The 1978 adaptation of Richard Adams’s novel no longer feels ‘suitable for all’
“For 45 years, it has menaced our children, bringing unbridled horror and trauma into countless young lives,” said Robbie Collin in The Daily Telegraph. “But at last, good sense has prevailed” – and “Watership Down” has been regraded from a U to a PG. In its latest annual report, the British Board of Film Classification (BBFC) notes that the 1978 adaptation of Richard Adams’s novel no longer feels “suitable for all”.

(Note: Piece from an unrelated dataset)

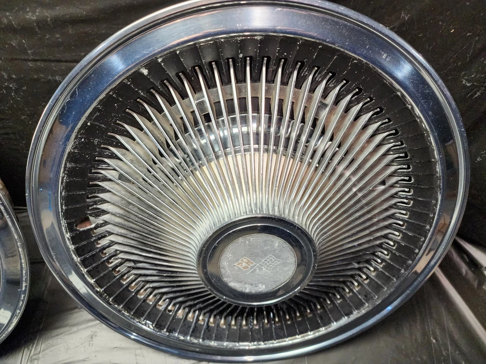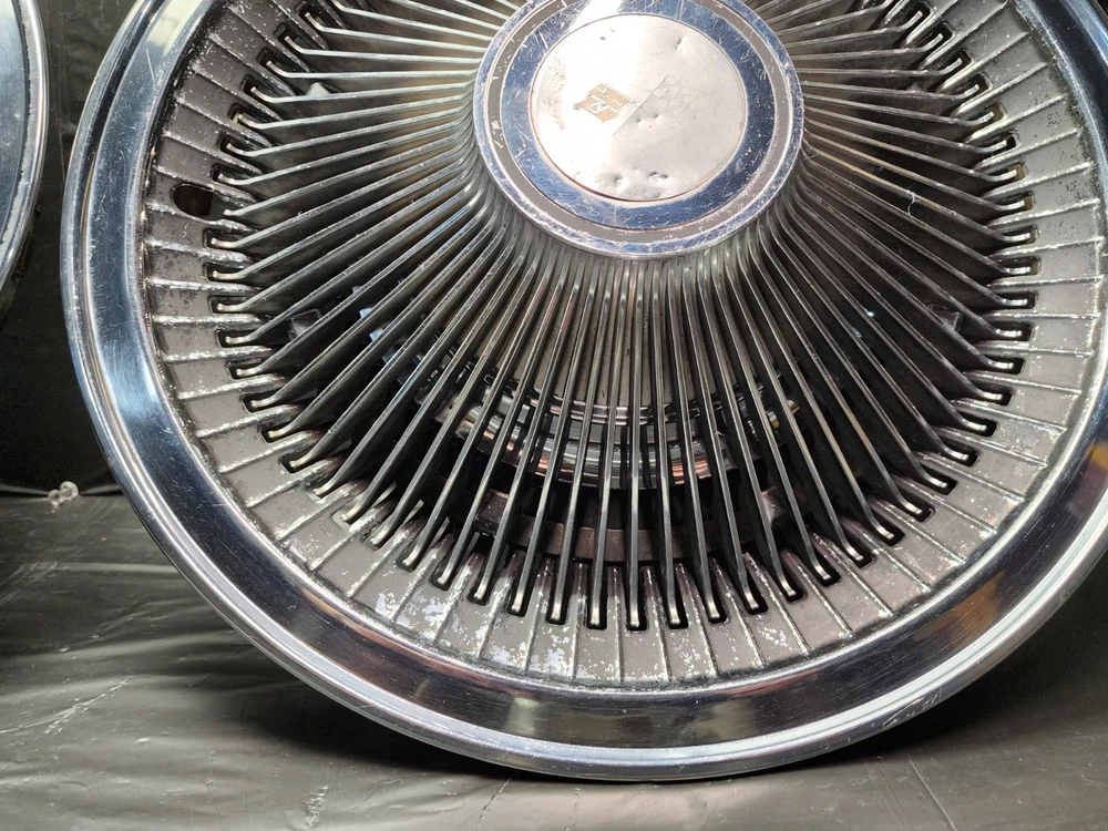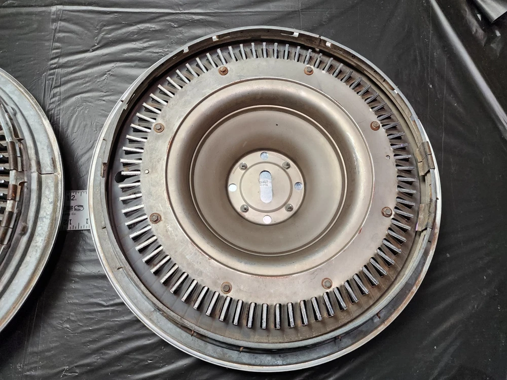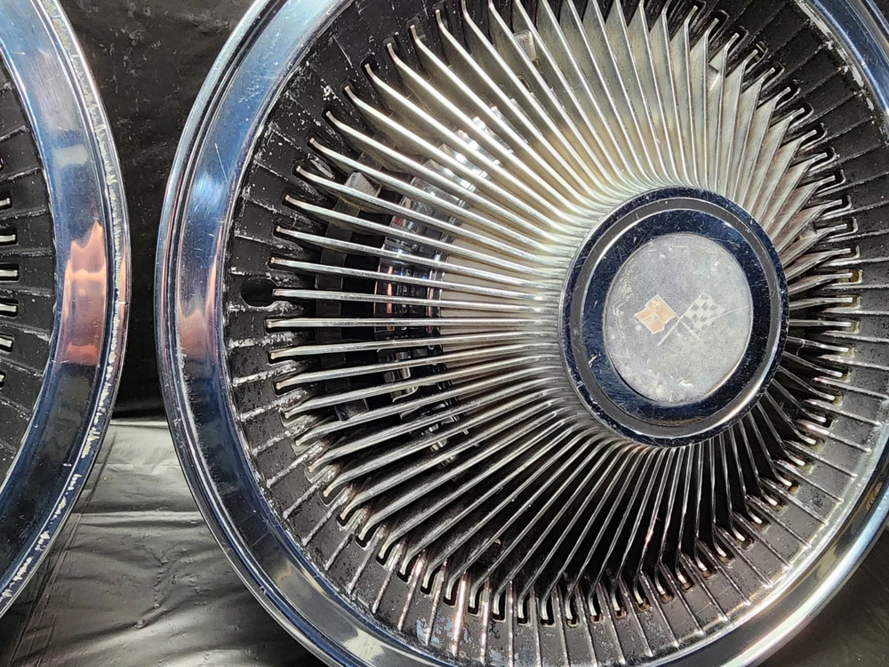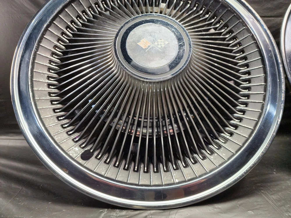 Number in Pack: 2 Type: Hub Cap Color: chrome OE/OEM Part Number: Ram Air I II III IV V Cowl Induction FI Fuel Injection LS6 Judge, Z11 ZR2 L-88 Stingray Mid-Year 3x2 2x4 Intake 215 V8 I6, Cougar GT-E Cobra Jet Thunderbird T-Bird Cyclone GTHO GT350R, Boss 429 Torino Talladega Thunderbolt Coyote AAR Cuda, Accessory Spotlight Fog Lamp Driving Light Fender Skirts Visor, Bumper Grill Guard Cruise Control Cigarette Lighter Ashtray, Vent Shades Window Venetian Blinds Compass Banjo Spinner Wheel, Locking Gas Cap Hood Ornament Flashlight Hood Ornament, Passing Peep Mirror Swamp Cooler A/C 8 Track Vacuum Dispenser, Fulton Guide Appleton Lorraine Trippe Foxcraft Fox Craft Santay, Dinsmore Trico Mculloch Auto-Lite Motorcraft Prestolite, Peckat Eelco Moon Equipped Thickstun Winfield Isky, Holley Carter Rochester Detroit Lubricator Stewart, Kelsey Hayes Motor Wheel Muncie Borg-Warner BW Delco-Remy, Date Code Numbers Matching Factory Original Period Correct, Concours Woody Club Coupe Cabriolet Fordor Tudor 32 Deuce, A-400 B-400 Baby Hemi Barn Find Fresh Beltline Bonnet, Bucket Bull Nose Carson Top Chopped Channeled Sectioned Dagmars, Dual Quad DuVall Fastback Aero Sedan Flathead Four Banger, Gasser Front Clip Doghouse Gear Box GOAT Grill Shell Hairpins, Highboy Hiboy Hopped Up HopUp Juice Brakes Knock Offs, Cragar Spoke Rim Wheel Louvers Lowboy Mag Moons Merc, Nailhead NOS Vintage Classic Old Original Phaeton Pony Car, Quarter Window Raked Hot Rat Rod Rockcrusher Rocket Rumble Seat, Running Board Scallops Scatter Shield Lakefield Scoop Sidemount, Six-Pack Slushbox Split Window Steelies Stacks Stove Bolt Stroker, Survivor Three on the Tree Touring Track T Tri-Five Tri-Power, Vicky Victoria Wedge Wheelie Bars Cross Member Motor Mount FE, T-Bucket Street Machine White Walls Bent Spoke Trailer Hitch, Resto Mod Corvette C1 C2 C3 Quick Change Candy Paint Finish: Polished Interchange Part Number: 1910 1911 1912 1913 1914 1915 1916 1917 1918 1919 1920 1921 1922, 1923 1924 1925 1926 1927 1928 1929 1930 1931 1932 1933 1934 1935, 1936 1937 19938 1939 1940 1941 1942 1946 1947 1948 1949 1950 1951, 1952 1953 1954 1955 1956 1957 1958 1959 1960 1961 1962 1963 1964, 1965 1966 1967 1968 1969 1970 1971 1972 1973 1974 1975 1976 1977, Buick Cadillac Pontiac Oldsmobile Chevrolet Oakland Durant Star, GMC White REO Autocar IHC International Sterling Dodge Fargo COE, Dodge Plymouth Chrysler DeSoto Mopar Car Truck Franklin Ford, Dodge Brother Mercury Lincoln Edsel AMC Rambler Studebaker JEEP, Hudson Willys Graham Nash Opel Viking Durant Star Auburn LaSalle, Pierce Arrow Erskine Essex Hillman Kissel Marmon Peerless Rockne, Stutz Triumph MG Jaguar Stoewer Cord Jordan Lorraine, Accessory Interior Exterior Option Dealer Factory Part Install, Rare Scarce Add-On Optional Chrome Painted Nickel Plated Satin, Fender Hood Trunk Door Rocker Roof Factory Wheel Rim Tail Light, Headlight Backup Light Lamp Glass Windshield Gas Tank Door Trim, Molding Ornament Emblem Mascot Mirror Grill Grille Spear, Interior Seat Dash Gauge Panel Cluster Radio Stereo Speaker Dial, Door Panel Arm Rest Steering Column Shifter Console Bucket Seats, Power Bench Seat Glove Box Door Speedometer Oil Pressure Ampere, Temperature Fuel Gas Gauge Tachometer Tach Dome Light Handle, Power Locks Window Regulator Door Lock Latch Knob Steering Wheel, Horn Button Shifter Spotlight Visor Headliner Convertible Top, Engine Motor Head Intake Exhaust Manifold Oil Pan Water Pump Fan, Radiator Hose Core Support Block Bolt Hardware Camshaft Crank Cam, Crankshaft Shaft Bearing Main Rod Piston Cap Sleeve Cylinder, Power Steering Alternator Generator Distributor Coil Ignition, Plug Wires Cap Points Condenser Contact Rotor Carburetor Carb, 1BBL 2BBL 4BBL One Two Four Barrel Air Cleaner Oil Bath Filter, Relay Voltage Regulator Wiper Motor Washer Pump 6V 12V Wiring Brand: Chevrolet Manufacturer Part Number: Standard 10 12 Bolt Posi Locker Torque Driveshaft Universal Joint, Transmission 3 4 Three Four Speed Overdrive Automatic Manual, Hinge Strut Shock Control Arm Steering Suspension Ball Joint, Upper Lower Belt Inner Fender Panel Cowl Firewall Cable Vent Horn, Restore Repair Rebuild Replace Harmonic Balancer Pulley Bracket, 5 6 8 Five Six Eight Lug Steel Wheel Rim 14 15 16 Offset Hubcap, Wheel Cover Dog Dish Poverty Cap Redline Bias Ply, Valance Panel Spoiler Extension Patch Deck Lid Trunk Spare, Camaro Chevelle Impala Belair Biscayne Caprice One-Fifty Two-Ten, Nomad Chevelle Malibu Nova Chevy II Monte Carlo Laguna, 3100 3600 3800 C/K C10 C20 C30 K10 K20 K30 1/2 3/4 1 Ton, Pickup Fleetside Stepside Tailgate Bed Box Truck Cameo, Fleetline Stylemaster Styleline Special Deluxe Master 85, Coupe Sedan Convertible Roadster Delivery Wagon Suburban, Carry All Corvette Vette Corvair Delray Yeoman, GTO Tempest Lemans Catalina Bonneville Star Chief Silver Streak, Streamliner Ventura Executive Firebird Strato Chief, Century Special Super Roadmaster 40 50 60 70 80 90 Series, GS Skylark Riviera Wildcat LeSabre Electra 225, 442 Cutlass F85 Starfire Delta 88 98 Dynamic, Mustang Falcon Fairlane Galaxie XL 500 LTD Torino, Maverick Starliner Deluxe Shoebox Custom Cobra GT 350 500, Barrcuda Cuda GTX Satellite Belvedere Plaza Fury Roadrunner, Charger Challenger Coronet Polara Monaco Duster Dart Scamp, Superbee Daytona Mopar 426 440 383 Hemi, Small Big Block Inline Straight 6 8 Six Eight Slant, 207 216 235 261 265 283 302 307 327 350 396 402 427 454, 170 200 250 270 289 302 351 390 428 429 SCJ, 226 272 273 292 318 340 360 361 383 413 426 440, SS Super Sport 348 409 ZL1 Z16 L34 L78 RPO Yenko COPO Material: Chrome, Stainless Steel, Steel Placement on Vehicle: Front, Left, Rear, Right Vintage Part: Yes Superseded Part Number: Tattersfield Weiand Man A Fre Offy Offenhauser Stromberg 97, Powerglide Ford-O-Matic M22 T-5 T-10 Wingnut Gasket Housing, Cast Iron Aluminum Die-Cast Brass Copper Stamped Steel, Sheet Metal Body Panel Curb Feeler Rod Holder Tappet Rocker Arm, Filter Element Brake Booster Disc Drum Caliper Sq

Normally, I might brand a decision like this as tiresome wokery, said Christopher Stevens in the Daily Mail. Not this time. “Watership Down” is “possibly the most disturbing children’s film ever made”. Surreal and full of foreboding, it lures in young viewers with twee images of cartoon rabbits – then “unleashes gory violence laden with satanic overtones”. All of which is accompanied by Art Garfunkel’s song “Bright Eyes”, the “saccharine sweetness” of its tune disguising the deep morbidity of its lyrics. With lines inviting us to follow “the river of death downstream”, Art is referring to rabbits being buried alive and tearing each other’s throats out with their teeth. “He was top of the UK charts for six weeks with that. What were we thinking?”
But where will the BBFC stop now, asked Peter Bradshaw in The Guardian. Will it rethink the death of Bambi’s mother, and Kaa’s “creepy eyes” in “The Jungle Book”? Who knows, said Robbie Collin, but we can only hope that “one day, the bloodcurdling ‘Chitty Chitty Bang Bang’ will receive the 18 certificate it deserves”.